Many themes emerged, but notably: ambiguous zonage where predictable conflict between personal transport types occurred (eg electric scooters, pedestrians and cyclists); the way the character of places changed from night to day (some locations became edgy and dangerous at night); the tension between public realm and private spaces as businesses encroached on and bounded the ‘public realm’ for their chairs and tables following a (post covid) relaxation of planning rules; where harbour users with disabilities talked of their lived experience of cobbled streets, inappropriate signage, too little blue-sticker parking, noisy and ambiguous crossing places and cafes that charge £4 for a coffee.

 

Overall our report tells a story of a fantastic, iconic resource that is much valued by people from Bristol and elsewhere - but one whose usage is not represented across all of Bristol's population (lower socioeconomic status and ethnic minorities were under represented).

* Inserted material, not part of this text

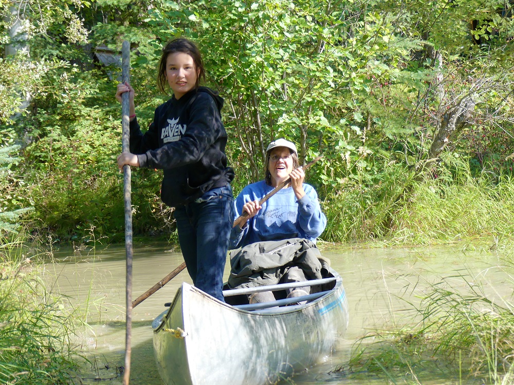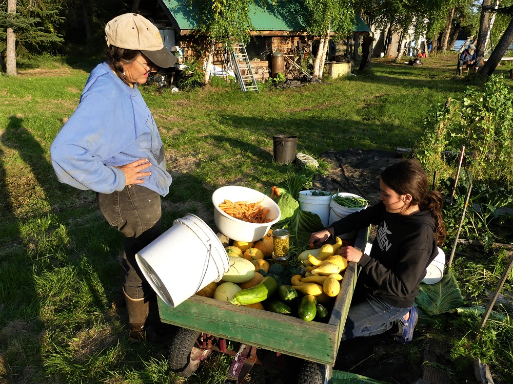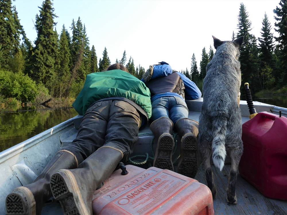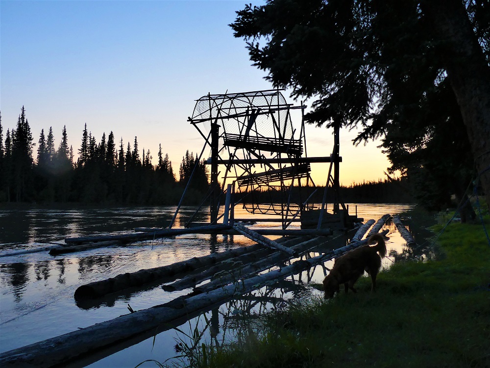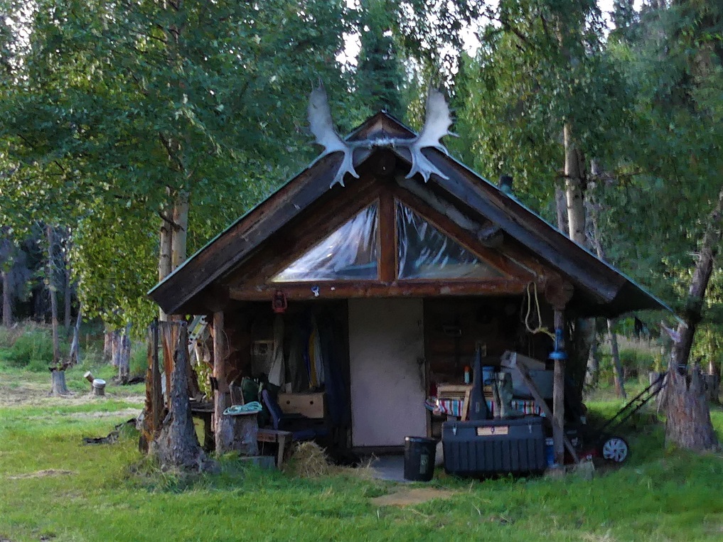 08/14 – 08/21/19 Our little Caravan made our way up to Fairbanks where we spent the night at Pioneer Park. We enjoyed exploring many of the historical buildings and museums and of course the proverbial gift shops. In the morning we said a heartfelt goodbye to Jim, Jackie and Bob who continued heading south through Canada back to the lower 48 while we spent the next week with our friends the Bouldings. We met up with Charlie, Robin, and Tory Boulding in Fairbanks after not seeing them since they had sailed in and visited us while we were Caretaking GSJ Island in the USVI. We had first met them in 2009 on the Island of Barbuda and again when we sailed together from St. Marten to the BVI in Nov of 2010. (Click on Highlighted Script for previous blog entries and Information) We told them that we would one day visit them in AK and we were determined to keep that promise. On Friday morning, we drove 4.5 hours from Fairbanks to Manley Hot Springs ahead of Charlie, Robin, and Tory while they finished up with Appointments. We met them at a small cabin they keep in Manley before loading up a couple of daypacks and the dog and headed down to the slough to help load up their boat with numerous groceries, supplies and a large Satellite Dish for one of their neighbors. The 5 of us, Sierra and their house dog Nook, boarded their river boat for the 20 mile trip to their homestead on the Tanana River. With Charlie at the helm, dodging sandbars, and floating debris, we relaxed as he navigated us up the rising Tanana River while the Robin and Tory pointed out places of interest and regaled us with stories of life along the river. After dropping off the Satellite Dish we made our way to their little slice of Paradise in the heart of the Alaska Interior. We tied off the boat to a tree next to their fishwheel and helped offload the supplies. They settled us into their one room guest cabin and proceeded to show us around their property consisting of around 35 acres, 2 Cabins, Shop, Smokehouse, Garden & Cache. Sierra was in dog heaven. She feasted on a number of pieces of dried fish that had been buried by one of their 6 sled dogs around the property and would curl up for a nap in the straw just like they did. The homestead is completely off the grid, true AK wilderness living. Their water is caught in rain barrels and is carried into the house for washing and cooking. Light is provided via windows and propane lights. They have a generator to charge the house batteries and a small solar panel that keeps their house batteries topped off. They do have some electric lights that are used when the generator is running. There is no phone but they do have the ability via Hughes Net to access the Internet so they can keep in touch with the outside world and their friends and family. There is no indoor plumbing but an outhouse is provided for comfort. They told us the small window in the front door was installed after a couple of close encounters with bears on their front porch. Their main cabin consists of a living space, a sleeping loft, a back bedroom, and a kitchen complete with an old fashioned but wonderfully functional wood burning oven, propane stovetop and another central wood burning stove for heat. Their refrigerator is a cold hole into the permafrost under the kitchen floor. Their garden provides them fresh vegetables and they hunt and fish for their meat. Part of their summer is spent at their Fish Camp where they catch the King Salmon that is a staple of their diet. We spent the next few days taking excursions on the Tanana and Kantishna Rivers, we fished for Northern Pike, picnicked, scouted for Moose, as hunting season is near, and visited some historical sites including part of the original Iditerod trail used to transport diphtheria serum from Seward to Nome AK. We stopped at the Tolovana Roadhouse that is now used for Sled Dog Excursions in the winter. We were also a witness to history in the making when we traveled up river and watched as the Kantishna river beginning to cut a new channel through a narrow bank that separated a mile long loop in the river. The Bouldings had been watching this spot during floods for the last 30 years knowing that it would happen one day. We helped where we could with summer chores, splitting kindling, harvesting the garden, helping with meal prep and clean up, and a bit of maintenance around their place. We picked green beans, summer and winter squash, carrots, kale, & a lot of peas. Robin canned 16 quarts while we were there. The rising river made it imperative to get as much as we could harvested. Robin fed us like kings and queens, baking bread and Apple Cake in her oven and an amazingly wonderful and huge King salmon filet for dinner. We also had a marvelous Moose stew and Bear and Cranberry sandwiches for lunch. Her Cranberry-banana jam is delicious! We spent our evenings together reminiscing and sharing stories of sled dog rearing and racing, sailing, & travels, past and present, as well as unpacking the large box of homeschooling books for Tory. As the river continued to rise the flooding around the cabins got deeper and eventually was above the level of our rubber boots, graciously provided to us by our hosts. We had to resort to using the canoe to travel between the cabins. I don’t know of too many people who would choose this lifestyle and Robin told us there are not too many people they would even consider inviting out to the homestead, especially during flood season. After the river had crested and started to recede, we decided we had better start our journey home to Colorado or risk being tempted to look for a place to build our own cabin in the AK wilderness. Charlie, Robin and Tory reluctantly carried Mike, Sierra and I back to Manley where we had parked the RV. We were sad to leave them but extremely honored and delighted to be their guests and felt so privileged to be allowed to experience and participate in this grand adventure for this brief but

We uncovererd  many real opportunities to make improvements for people through thoughtful urban design - and where in an environment of limited, competing budgets and ROI concerns, there is a struggle between those who view the harbour as a health and safety liability from which people need protection, those who resist change in the name of heritage, and those who see progress and sympathetic development as the future.

 

I was struck by the way that people creatively use what’s available to them. It doesn’t take much intervention or investment to provide a resource that someone will find a use for. For example, thoughtful planting, a few sit-able surfaces and a wall that encourages someone to stand on it, play an instrument and gather an audience, who will probably feel their day significantly enriched by the experience.